======== Supplied information ========
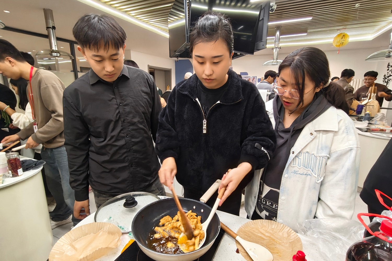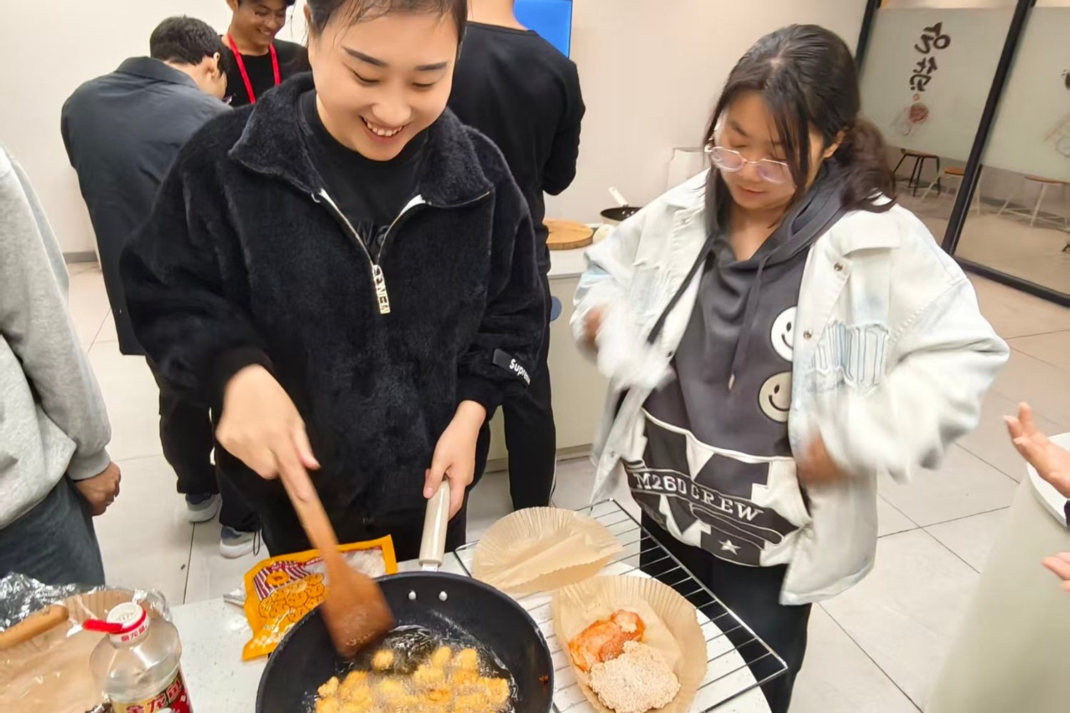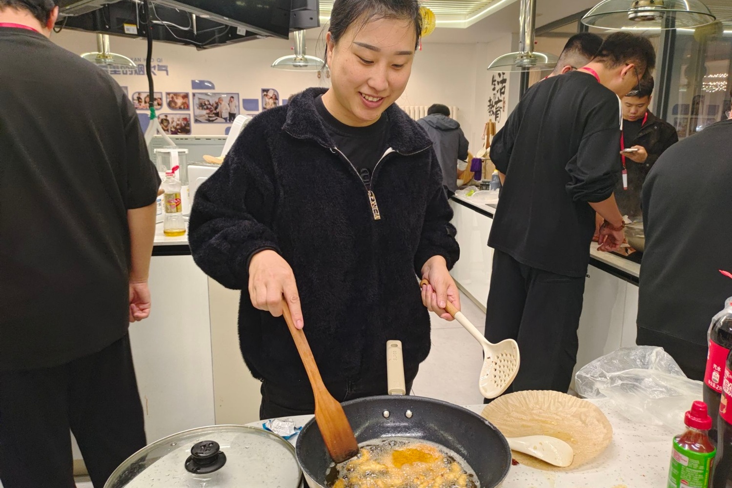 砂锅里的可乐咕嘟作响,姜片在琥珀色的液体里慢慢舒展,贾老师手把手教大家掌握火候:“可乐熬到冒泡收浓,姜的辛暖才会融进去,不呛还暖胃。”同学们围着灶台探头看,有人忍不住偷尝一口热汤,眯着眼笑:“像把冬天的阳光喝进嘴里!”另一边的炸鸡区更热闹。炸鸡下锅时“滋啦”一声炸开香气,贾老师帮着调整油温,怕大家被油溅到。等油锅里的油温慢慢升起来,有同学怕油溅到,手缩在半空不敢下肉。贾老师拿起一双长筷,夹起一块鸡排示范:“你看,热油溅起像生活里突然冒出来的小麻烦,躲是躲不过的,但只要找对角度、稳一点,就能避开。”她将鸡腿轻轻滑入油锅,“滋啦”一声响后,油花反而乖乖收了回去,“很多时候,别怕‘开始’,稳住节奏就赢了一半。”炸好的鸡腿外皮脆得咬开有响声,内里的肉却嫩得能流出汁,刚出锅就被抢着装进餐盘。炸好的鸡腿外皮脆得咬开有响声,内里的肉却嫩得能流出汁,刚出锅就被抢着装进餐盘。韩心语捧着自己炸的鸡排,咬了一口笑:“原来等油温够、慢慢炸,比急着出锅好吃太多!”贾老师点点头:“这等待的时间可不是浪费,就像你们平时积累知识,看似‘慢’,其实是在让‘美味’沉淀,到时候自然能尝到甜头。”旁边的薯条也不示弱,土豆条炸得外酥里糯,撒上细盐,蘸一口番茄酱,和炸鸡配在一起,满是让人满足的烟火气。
========
======== Supplied information ========
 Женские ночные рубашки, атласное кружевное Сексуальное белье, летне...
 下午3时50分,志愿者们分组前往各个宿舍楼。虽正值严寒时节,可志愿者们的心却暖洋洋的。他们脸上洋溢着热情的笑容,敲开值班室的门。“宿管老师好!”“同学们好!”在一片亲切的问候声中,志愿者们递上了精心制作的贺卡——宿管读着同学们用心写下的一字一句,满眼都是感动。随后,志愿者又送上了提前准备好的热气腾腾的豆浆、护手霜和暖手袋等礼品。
========
Exercise description = The lines above starting at the one that contains "Женские ночные рубашки, атласное" and ending at the one that contains "下午3时50分,志愿者们分组" must be transcribed exactly, and no other lines may appear.

Solution for this problem =
 Женские ночные рубашки, атласное кружевное Сексуальное белье, летне...
 下午3时50分,志愿者们分组前往各个宿舍楼。虽正值严寒时节,可志愿者们的心却暖洋洋的。他们脸上洋溢着热情的笑容,敲开值班室的门。“宿管老师好!”“同学们好!”在一片亲切的问候声中,志愿者们递上了精心制作的贺卡——宿管读着同学们用心写下的一字一句,满眼都是感动。随后,志愿者又送上了提前准备好的热气腾腾的豆浆、护手霜和暖手袋等礼品。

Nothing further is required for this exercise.